» Exercise description
Below are the entries to work from; restate word for word the portion that opens with the line containing "Conjunto com as" and closes with the line containing "02 пенни: диметикон, боросиликат", keeping both.

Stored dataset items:

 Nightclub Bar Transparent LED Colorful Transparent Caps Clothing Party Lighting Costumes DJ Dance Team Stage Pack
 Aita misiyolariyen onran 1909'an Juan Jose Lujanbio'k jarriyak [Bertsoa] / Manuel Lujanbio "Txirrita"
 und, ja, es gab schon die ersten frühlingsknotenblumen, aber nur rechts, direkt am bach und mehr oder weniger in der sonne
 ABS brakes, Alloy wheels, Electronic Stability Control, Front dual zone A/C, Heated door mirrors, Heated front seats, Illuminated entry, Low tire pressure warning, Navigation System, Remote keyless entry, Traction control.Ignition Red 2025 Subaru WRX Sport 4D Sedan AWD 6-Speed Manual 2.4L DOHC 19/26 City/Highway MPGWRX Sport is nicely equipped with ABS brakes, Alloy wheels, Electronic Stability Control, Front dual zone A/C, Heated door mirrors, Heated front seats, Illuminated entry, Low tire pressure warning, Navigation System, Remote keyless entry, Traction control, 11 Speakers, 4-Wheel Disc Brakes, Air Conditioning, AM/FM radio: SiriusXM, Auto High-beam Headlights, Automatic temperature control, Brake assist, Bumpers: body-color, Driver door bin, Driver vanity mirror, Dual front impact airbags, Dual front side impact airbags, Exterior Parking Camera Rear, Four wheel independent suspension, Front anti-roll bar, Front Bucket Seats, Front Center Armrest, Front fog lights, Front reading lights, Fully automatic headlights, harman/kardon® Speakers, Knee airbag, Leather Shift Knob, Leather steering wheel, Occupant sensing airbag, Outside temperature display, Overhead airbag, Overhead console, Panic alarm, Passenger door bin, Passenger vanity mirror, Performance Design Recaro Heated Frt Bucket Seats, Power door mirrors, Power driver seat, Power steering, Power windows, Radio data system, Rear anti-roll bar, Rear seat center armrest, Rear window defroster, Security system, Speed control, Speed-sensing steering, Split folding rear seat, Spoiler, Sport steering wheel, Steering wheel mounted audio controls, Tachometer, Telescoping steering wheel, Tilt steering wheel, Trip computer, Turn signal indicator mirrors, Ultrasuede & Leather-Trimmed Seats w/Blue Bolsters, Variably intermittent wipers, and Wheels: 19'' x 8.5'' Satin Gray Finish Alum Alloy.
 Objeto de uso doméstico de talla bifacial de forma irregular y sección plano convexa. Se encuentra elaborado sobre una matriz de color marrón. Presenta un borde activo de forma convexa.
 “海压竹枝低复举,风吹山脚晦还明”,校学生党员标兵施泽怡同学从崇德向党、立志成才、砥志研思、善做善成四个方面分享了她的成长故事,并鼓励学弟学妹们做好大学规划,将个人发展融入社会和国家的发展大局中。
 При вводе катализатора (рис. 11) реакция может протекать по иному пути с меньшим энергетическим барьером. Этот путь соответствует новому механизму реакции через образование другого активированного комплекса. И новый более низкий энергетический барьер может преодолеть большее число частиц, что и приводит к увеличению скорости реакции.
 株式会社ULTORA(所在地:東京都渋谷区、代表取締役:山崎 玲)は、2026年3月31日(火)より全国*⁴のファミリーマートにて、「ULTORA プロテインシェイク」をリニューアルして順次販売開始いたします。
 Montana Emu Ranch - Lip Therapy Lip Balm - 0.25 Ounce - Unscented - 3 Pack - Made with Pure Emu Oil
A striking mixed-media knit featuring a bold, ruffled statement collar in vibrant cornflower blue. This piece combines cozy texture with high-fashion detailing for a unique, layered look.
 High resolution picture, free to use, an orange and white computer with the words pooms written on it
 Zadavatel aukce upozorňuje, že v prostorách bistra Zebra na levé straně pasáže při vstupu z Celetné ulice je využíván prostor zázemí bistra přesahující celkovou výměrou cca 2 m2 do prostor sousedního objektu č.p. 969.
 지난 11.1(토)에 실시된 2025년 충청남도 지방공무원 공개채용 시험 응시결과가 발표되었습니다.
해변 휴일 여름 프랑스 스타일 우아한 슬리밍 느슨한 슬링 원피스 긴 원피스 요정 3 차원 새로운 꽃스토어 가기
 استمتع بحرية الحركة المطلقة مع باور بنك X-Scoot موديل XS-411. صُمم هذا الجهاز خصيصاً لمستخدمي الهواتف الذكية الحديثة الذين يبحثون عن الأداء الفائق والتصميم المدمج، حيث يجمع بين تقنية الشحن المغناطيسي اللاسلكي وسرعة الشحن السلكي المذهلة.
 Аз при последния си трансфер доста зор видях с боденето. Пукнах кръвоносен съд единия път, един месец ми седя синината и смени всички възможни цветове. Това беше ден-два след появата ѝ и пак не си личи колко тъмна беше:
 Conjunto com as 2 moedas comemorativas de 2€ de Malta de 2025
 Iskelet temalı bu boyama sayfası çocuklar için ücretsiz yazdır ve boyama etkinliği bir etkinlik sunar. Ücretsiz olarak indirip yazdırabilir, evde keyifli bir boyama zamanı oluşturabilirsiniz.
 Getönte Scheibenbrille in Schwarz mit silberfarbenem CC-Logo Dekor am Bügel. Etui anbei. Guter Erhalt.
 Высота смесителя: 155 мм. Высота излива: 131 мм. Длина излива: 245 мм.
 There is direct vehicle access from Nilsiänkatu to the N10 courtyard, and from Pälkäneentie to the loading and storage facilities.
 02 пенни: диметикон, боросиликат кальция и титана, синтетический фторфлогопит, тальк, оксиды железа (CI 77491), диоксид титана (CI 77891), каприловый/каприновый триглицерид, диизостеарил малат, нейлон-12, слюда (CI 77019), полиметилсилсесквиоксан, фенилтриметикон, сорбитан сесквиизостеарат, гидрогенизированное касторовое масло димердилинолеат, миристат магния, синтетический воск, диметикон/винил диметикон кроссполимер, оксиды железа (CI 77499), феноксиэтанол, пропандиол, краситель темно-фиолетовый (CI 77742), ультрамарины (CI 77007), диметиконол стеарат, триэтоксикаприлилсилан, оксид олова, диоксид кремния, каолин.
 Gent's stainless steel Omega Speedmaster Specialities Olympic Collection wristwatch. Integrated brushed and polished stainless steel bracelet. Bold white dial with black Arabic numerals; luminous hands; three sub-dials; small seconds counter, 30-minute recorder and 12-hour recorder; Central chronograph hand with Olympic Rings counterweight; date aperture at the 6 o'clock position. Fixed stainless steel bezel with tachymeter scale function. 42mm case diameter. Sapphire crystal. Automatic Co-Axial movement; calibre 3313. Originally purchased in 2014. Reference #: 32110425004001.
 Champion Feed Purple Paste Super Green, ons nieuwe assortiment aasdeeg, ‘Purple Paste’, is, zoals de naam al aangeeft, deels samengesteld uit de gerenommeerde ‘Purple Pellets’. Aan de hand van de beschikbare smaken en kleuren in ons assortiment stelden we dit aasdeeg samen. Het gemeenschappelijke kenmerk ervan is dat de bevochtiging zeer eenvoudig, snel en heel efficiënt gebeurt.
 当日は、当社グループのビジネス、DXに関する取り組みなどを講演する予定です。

» Answer to the exercise
 Conjunto com as 2 moedas comemorativas de 2€ de Malta de 2025
 Iskelet temalı bu boyama sayfası çocuklar için ücretsiz yazdır ve boyama etkinliği bir etkinlik sunar. Ücretsiz olarak indirip yazdırabilir, evde keyifli bir boyama zamanı oluşturabilirsiniz.
 Getönte Scheibenbrille in Schwarz mit silberfarbenem CC-Logo Dekor am Bügel. Etui anbei. Guter Erhalt.
 Высота смесителя: 155 мм. Высота излива: 131 мм. Длина излива: 245 мм.
 There is direct vehicle access from Nilsiänkatu to the N10 courtyard, and from Pälkäneentie to the loading and storage facilities.
 02 пенни: диметикон, боросиликат кальция и титана, синтетический фторфлогопит, тальк, оксиды железа (CI 77491), диоксид титана (CI 77891), каприловый/каприновый триглицерид, диизостеарил малат, нейлон-12, слюда (CI 77019), полиметилсилсесквиоксан, фенилтриметикон, сорбитан сесквиизостеарат, гидрогенизированное касторовое масло димердилинолеат, миристат магния, синтетический воск, диметикон/винил диметикон кроссполимер, оксиды железа (CI 77499), феноксиэтанол, пропандиол, краситель темно-фиолетовый (CI 77742), ультрамарины (CI 77007), диметиконол стеарат, триэтоксикаприлилсилан, оксид олова, диоксид кремния, каолин.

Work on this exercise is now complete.